When Nick Zinner met Karen O in a New York bar in 2000, musically speaking, they were polar opposites.

“She was doing very quiet and sorrowful singer-songwriter stuff,” remembers the guitarist for New York nuevo-garage-rock avatars the Yeah Yeah Yeahs. “And I had this experimental rock band that was a lot more sonically explorative, and a little hyper-analytical.”

The duo tried doing it O’s way in a project called Unitard, but found common ground over a drum machine, four-track recorder, and a mutual realization that they wanted to make “sleazy and sexy” music after the manner of the trashy rockabilly archetypes the Cramps.

Along with drummer Brian Chase, Zinner and O played their first gig later that year, opening for Sleater-Kinney and the White Stripes, and were soon labeled leaders of the downtown rock pack, along with the Strokes, Interpol and Liars. The hype built with two widely praised EPs, and was largely met with “Fever to Tell” (Interscope), the impressive 2003 full-length debut packed with primal riffage, courtesy of the charismatic O, high drama that’s both arty and anthemic.

Because the only instrument employed by over-the-top show woman O is her arresting voice, and the band has no bass player, Zinner, 28, is free to fill up the YYYs’ three-minute-and-less punk nuggets with crunching chords and buzzing effects.

“It makes you think outside of the box and try to come up with new solutions,” says the native Bostonian, talking on the phone from Omaha, Neb., the hometown of acclaimed songwriter Conor Oberst, a k a Bright Eyes, with whom he’s been collaborating. “I think it’s important to do as much work as you can with other artists, to stretch yourself.”

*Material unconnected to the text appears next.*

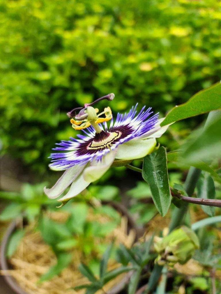 The passion flower is quite hardy in some climates and usually grows on a trellis or fence. In climates where they’re not so hardy, you’ll find them grown in pots and moved indoors for the winter.

Zinner, who names Rowland Howard from the Birthday Party, Blixa Bargeld from Einsturzende Neubauten, and Neil Young as favorite guitarists, calls himself a “studio geek” who prefers recording to playing live. “I’d rather do without the traveling, the sound checks, and the getting sick,” he says, and claims to be “terrified” by the band’s forthcoming gig at the capacious Hammerstein Ballroom in New York, its biggest headlining show ever.

Anyone who has seen the YYYs perform, though, knows that even if Zinner would rather be home nursing a cold, the trio is a mighty live act. That’s in large part due to the fashionable O’s penchant for unfettered stage theatrics. “She frightens me sometimes,” says the guitarist, who says his Lyle Lovett-ish exploding do is the result of “how it looks when I wake up in the morning.”

“In Australia last month, we were really losing ourselves in what we were doing, and she was leaning up against a monitor and she fell off the stage.” Though no bones were broken, “she busted up her back and head pretty good,” Zinner says.

O, 24, and Zinner have been writing for “Fever’s” follow-up, which they plan to record in the latter half of this year. “We’ve got about six new songs that we’re doing in the set. They’re darker, more rhythmically oriented. Not so much party songs, which is good. All three of us are excited to be moving in a different direction.”